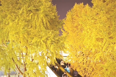 杭州大厦人行天桥扶梯旁的银杏 记者 江玥 摄
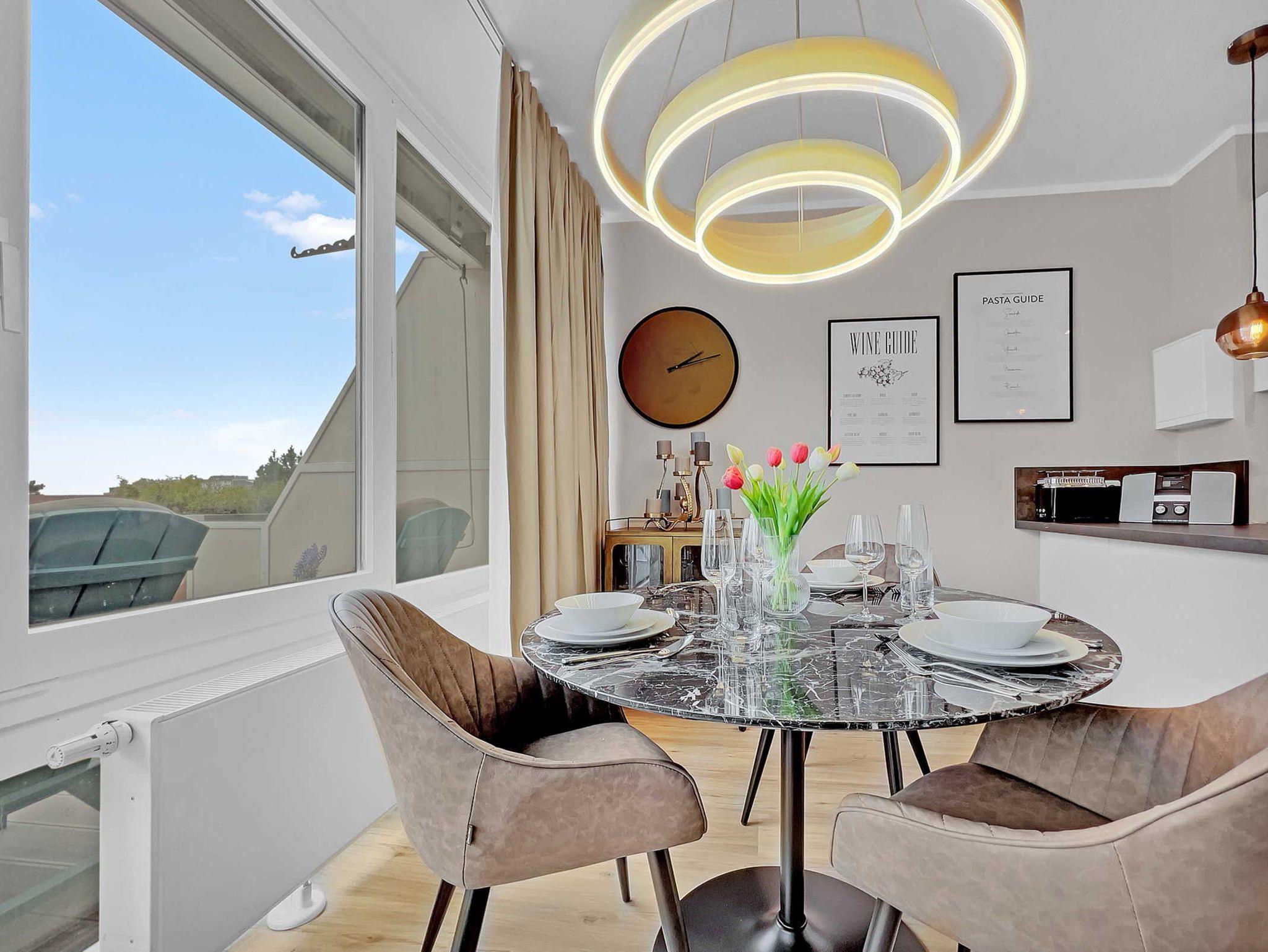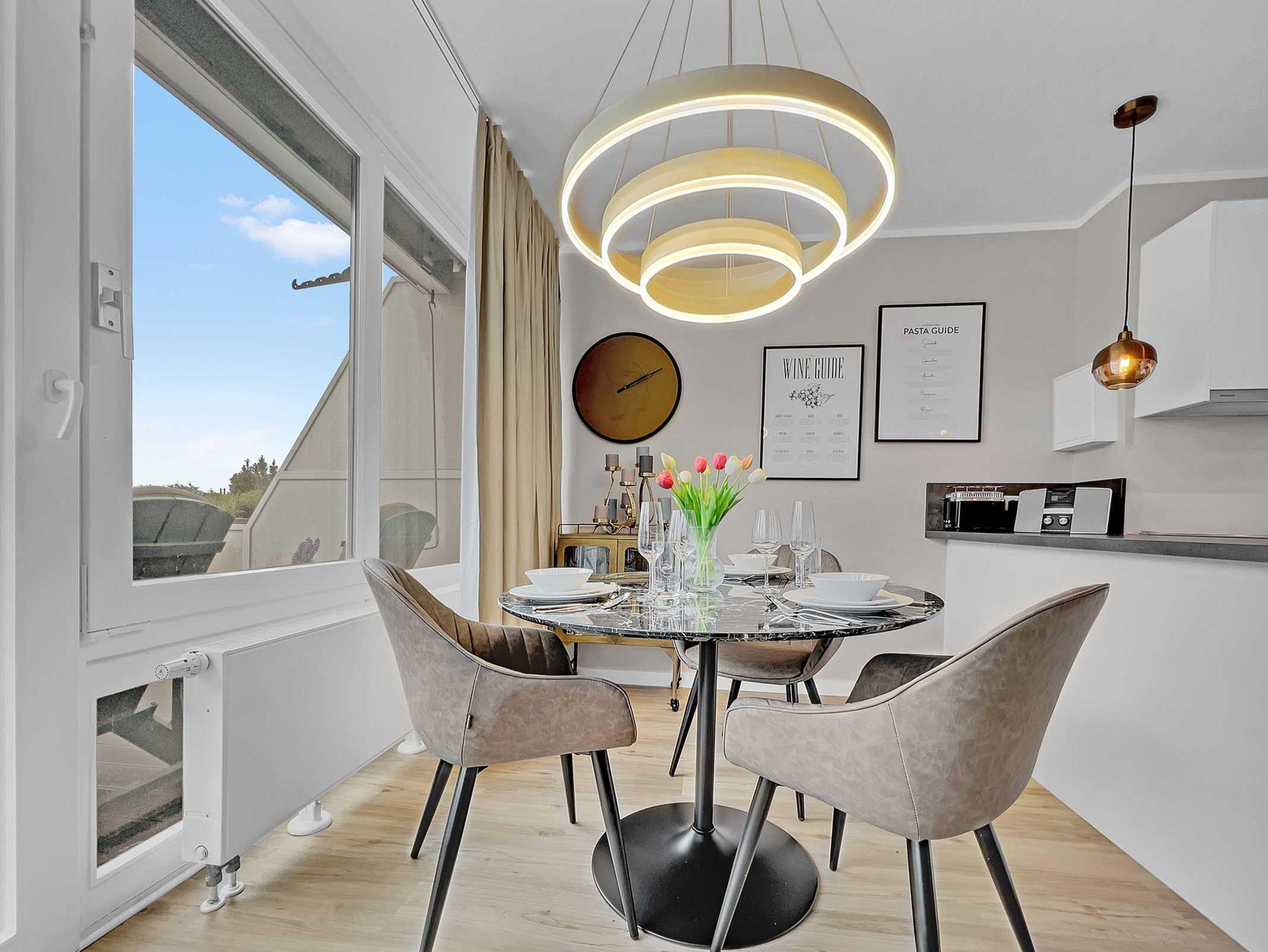 Die Wohnung Seaside liegt im Zentrum von Scharbeutz in direkter Strandlage, bester Lage an der Lübecker Bucht. Sie wurde im Frühjahr 2022 total renoviert. Eine neue, hochwertige Ausstattung in modernem Design sorgt hier für ein perfektes Ambiente. Zur Wohnung im 2. OG des exklusiven Hauses führt Sie ein Fahrstuhl. Sie erwartet ein großzügiges, helles Wohnzimmer mit einer großen Wohnlandschaft und einer Essecke. Die Fensterfront erschließt sich über die gesamte Breite der Wohnung (ca.6 m). Die moderne Sofagarnitur kann dank der Bettfunktion mit wenigen leichten Handgriffen zu einer Liegefläche von ca. 120 cm umgewandelt werden. Daneben bietet die Wohnung ein innenliegendes Schlafzimmer mit einem bequemen Doppelbett (Liegefläche ca. 180 cm) sowie einem zusätzlichen Smart-TV. Die offene Küche ist optimal, u.a. mit Geschirrspüler und Ceranfeld ausgestattet. Der große Flur hat einen Einbauschrank, zusätzlich steht ein separater Abstellraum zur Verfügung. Das Badezimmer ist mit einer Regendusche sowie einer Waschmaschine ausgestattet. Auf dem nach Osten ausgerichteten Balkon mit ca. 15 m² genießen Sie den morgendlichen Sonnenaufgang und Blick über die Lübecker Bucht oder die Nachmittags- und Abendsonne. Eine Markise sorgt für Beschattung. Kostenloses WLAN und ein Stellplatz auf dem abgeschlossenen Grundstück steht für Ihr Auto bereit. Fahrräder können nebenan bei Tobis Fahrradverleih geliehen oder eigene Fahrräder mitgebracht und im Fahrradraum untergebracht werden. Haustiere sind nicht gestattet.
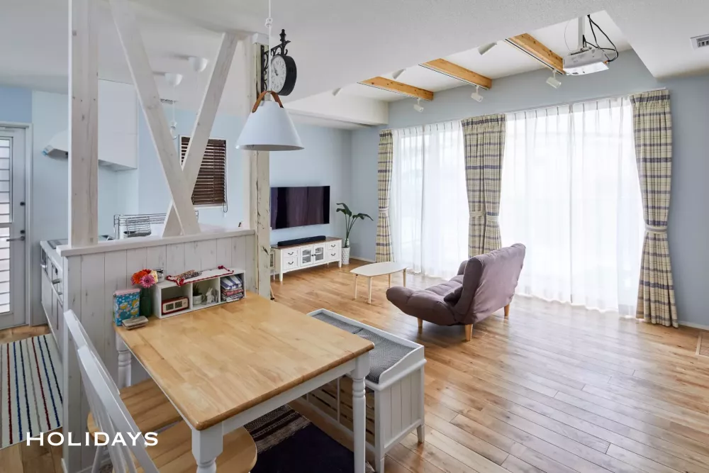 海を感じさせる淡いブルーを基調とし、カントリー風をイメージした家。見せ梁のある折り上げ天井を採用したLDKは天井高が高く、明るく開放的。
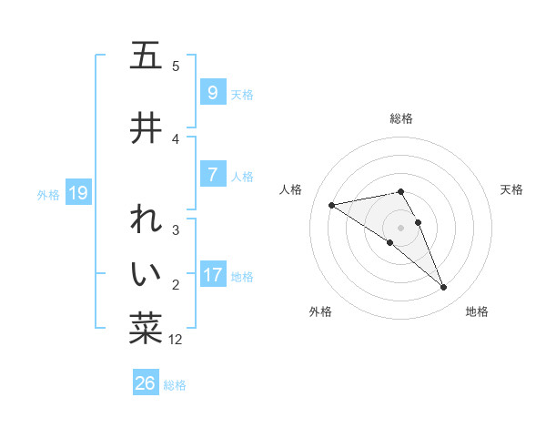 五井 れい菜さんを姓名の画数から五運を鑑定
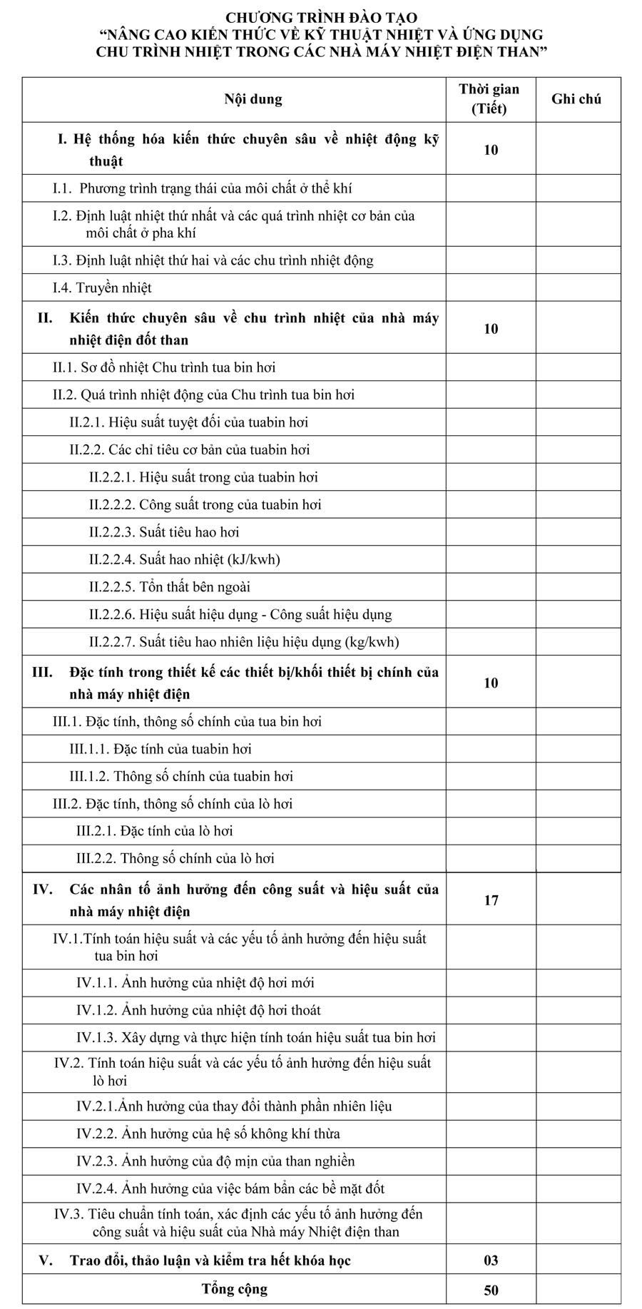 Nhằm giúp cán bộ tham gia khóa học nâng cao kiến thức về kỹ thuật nhiệt và ứng dụng chu trình nhiệt trong nhà máy điện nhiệt điện đốt than. Các cán bộ tham gia khóa học có thể áp dụng kiến thức đã học vào thực tế vận hành hệ thống thiết bị, nâng cao hiệu suất chu trình nhiệt trong sơ đồ công nghệ của nhà máy.
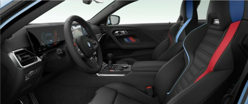 There are no engine choices, just the standard S58, but I did click the box for manual transmission. I had a tough time choosing a color, but ultimately settled on Zandvoort Blue as it is currently unique to the M2, and I like it. A close second goes to Toronto Red, as the “hero car” in all the press photos. It doesn’t look terrible in white, either.Â
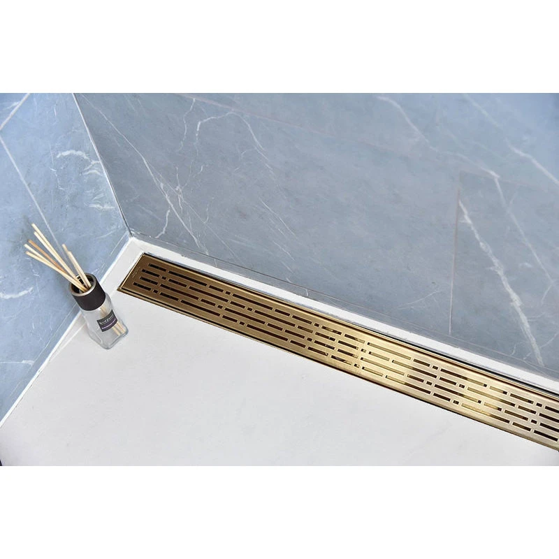 Satin Gold Linear Shower Drain Broken Lane Design by Serene Drains
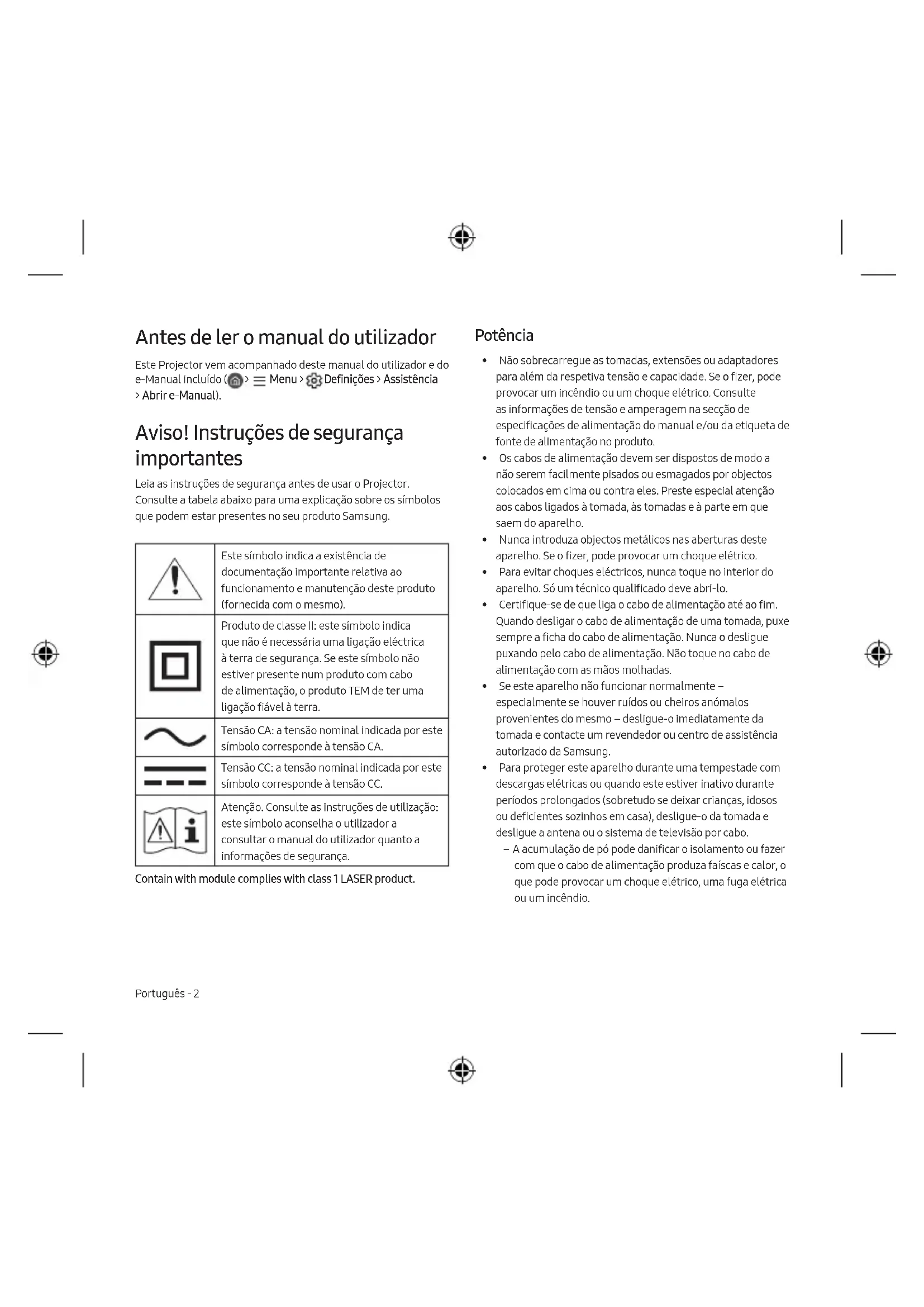 - Es posible que estas licencias no se admitan según el modelo o la zona geográfica. The terms HDMI and HDMI High-Definition Multimedia Interface, and the HDMI Logo are trademarks or registered trademarks of HDMI Licensing Administrator, Inc. in the United States and other countries.Esta página se ha dejado intencionadamente en blanco.Português - 2 Antes de ler o manual do utilizador Este Projector vem acompanhado deste manual do utilizador e do e-Manual incluído ( > Menu > Definições > Assistência > Abrir e-Manual). Aviso! Instruções de segurança importantes Leia as instruções de segurança antes de usar o Projector. Consulte a tabela abaixo para uma explicação sobre os símbolos que podem estar presentes no seu produto Samsung. Este símbolo indica a existência de documentação importante relativa ao funcionamento e manutenção deste produto (fornecida com o mesmo). Produto de classe II: este símbolo indica que não é necessária uma ligação eléctrica à terra de segurança. Se este símbolo não estiver presente num produto com cabo de alimentação, o produto TEM de ter uma ligação fiável à terra. Tensão CA: a tensão nominal indicada por este símbolo corresponde à tensão CA. Tensão CC: a tensão nominal indicada por este símbolo corresponde à tensão CC. Atenção. Consulte as instruções de utilização: este símbolo aconselha o utilizador a consultar o manual do utilizador quanto a informações de segurança. Contain with module complies with class 1 LASER product. Potência

________________

From the line with "Nhằm giúp cán" up to and including the line with "Satin Gold Linear" above, retype every line exactly and nothing more; leave out the pictures.

 Nhằm giúp cán bộ tham gia khóa học nâng cao kiến thức về kỹ thuật nhiệt và ứng dụng chu trình nhiệt trong nhà máy điện nhiệt điện đốt than. Các cán bộ tham gia khóa học có thể áp dụng kiến thức đã học vào thực tế vận hành hệ thống thiết bị, nâng cao hiệu suất chu trình nhiệt trong sơ đồ công nghệ của nhà máy.
 There are no engine choices, just the standard S58, but I did click the box for manual transmission. I had a tough time choosing a color, but ultimately settled on Zandvoort Blue as it is currently unique to the M2, and I like it. A close second goes to Toronto Red, as the “hero car” in all the press photos. It doesn’t look terrible in white, either.Â
 Satin Gold Linear Shower Drain Broken Lane Design by Serene Drains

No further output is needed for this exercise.